🤖 AI Summary
Existing reward alignment algorithms rely on SDE-based sampling to realize Markov transitions, improving alignment between flow matching and diffusion models but suffering from significantly lower computational efficiency than ODE-based sampling—introducing an inherent trade-off between stochasticity and inference speed. This work proposes GLASS Flows, a nested flow-matching framework that implicitly constructs “flow matching within flow matching” inside pre-trained models, enabling extraction of inner structures without retraining. It thus unifies the computational efficiency of ODE solvers with the stochastic evolution capability of SDEs. Integrated with Feynman–Kac steering for reward-aligned optimization, GLASS Flows offers a plug-and-play, inference-time extension. Evaluated on large-scale text-to-image generation, it achieves state-of-the-art performance, substantially improving both sample quality and sampling efficiency.
📝 Abstract
The performance of flow matching and diffusion models can be greatly improved at inference time using reward alignment algorithms, yet efficiency remains a major limitation. While several algorithms were proposed, we demonstrate that a common bottleneck is the sampling method these algorithms rely on: many algorithms require to sample Markov transitions via SDE sampling, which is significantly less efficient and often less performant than ODE sampling. To remove this bottleneck, we introduce GLASS Flows, a new sampling paradigm that simulates a "flow matching model within a flow matching model" to sample Markov transitions.
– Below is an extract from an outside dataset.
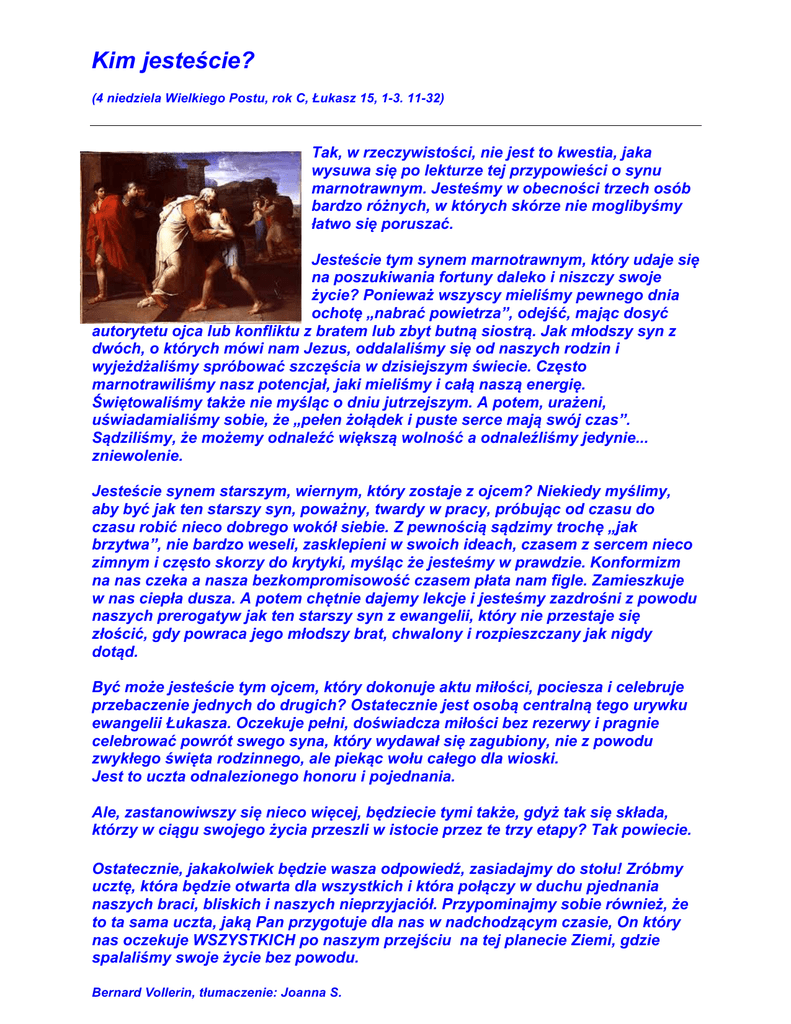 Kim jesteście? (4 niedziela Wielkiego Postu, rok C, Łukasz 15, 1-3. 11-32) Tak, w rzeczywistości, nie jest to kwestia, jaka wysuwa się po lekturze tej przypowieści o synu marnotrawnym. Jesteśmy w obecności trzech osób bardzo różnych, w których skórze nie moglibyśmy łatwo się poruszać. Jesteście tym synem marnotrawnym, który udaje się na poszukiwania fortuny daleko i niszczy swoje życie? Ponieważ wszyscy mieliśmy pewnego dnia ochotę „nabrać powietrza”, odejść, mając dosyć autorytetu ojca lub konfliktu z bratem lub zbyt butną siostrą. Jak młodszy syn z dwóch, o których mówi nam Jezus, oddalaliśmy się od naszych rodzin i wyjeżdżaliśmy spróbować szczęścia w dzisiejszym świecie. Często marnotrawiliśmy nasz potencjał, jaki mieliśmy i całą naszą energię. Świętowaliśmy także nie myśląc o dniu jutrzejszym. A potem, urażeni, uświadamialiśmy sobie, że „pełen żołądek i puste serce mają swój czas”. Sądziliśmy, że możemy odnaleźć większą wolność a odnaleźliśmy jedynie... zniewolenie. Jesteście synem starszym, wiernym, który zostaje z ojcem? Niekiedy myślimy, aby być jak ten starszy syn, poważny, twardy w pracy, próbując od czasu do czasu robić nieco dobrego wokół siebie. Z pewnością sądzimy trochę „jak brzytwa”, nie bardzo weseli, zasklepieni w swoich ideach, czasem z sercem nieco zimnym i często skorzy do krytyki, myśląc że jesteśmy w prawdzie. Konformizm na nas czeka a nasza bezkompromisowość czasem płata nam figle. Zamieszkuje w nas ciepła dusza. A potem chętnie dajemy lekcje i jesteśmy zazdrośni z powodu naszych prerogatyw jak ten starszy syn z ewangelii, który nie przestaje się złościć, gdy powraca jego młodszy brat, chwalony i rozpieszczany jak nigdy dotąd. Być może jesteście tym ojcem, który dokonuje aktu miłości, pociesza i celebruje przebaczenie jednych do drugich? Ostatecznie jest osobą centralną tego urywku ewangelii Łukasza. Oczekuje pełni, doświadcza miłości bez rezerwy i pragnie celebrować powrót swego syna, który wydawał się zagubiony, nie z powodu zwykłego święta rodzinnego, ale piekąc wołu całego dla wioski. Jest to uczta odnalezionego honoru i pojednania. Ale, zastanowiwszy się nieco więcej, będziecie tymi także, gdyż tak się składa, którzy w ciągu swojego życia przeszli w istocie przez te trzy etapy? Tak powiecie. Ostatecznie, jakakolwiek będzie wasza odpowiedź, zasiadajmy do stołu! Zróbmy ucztę, która będzie otwarta dla wszystkich i która połączy w duchu pjednania naszych braci, bliskich i naszych nieprzyjaciół. Przypominajmy sobie również, że to ta sama uczta, jaką Pan przygotuje dla nas w nadchodzącym czasie, On który nas oczekuje WSZYSTKICH po naszym przejściu na tej planecie Ziemi, gdzie spalaliśmy swoje życie bez powodu. Bernard Vollerin, tłumaczenie: Joanna S.

As we show in this work, this "inner" flow matching model can be retrieved from a pre-trained model without any re-training, combining the efficiency of ODEs with the stochastic evolution of SDEs. On large-scale text-to-image models, we show that GLASS Flows eliminate the trade-off between stochastic evolution and efficiency. Combined with Feynman-Kac Steering, GLASS Flows improve state-of-the-art performance in text-to-image generation, making it a simple, drop-in solution for inference-time scaling of flow and diffusion models.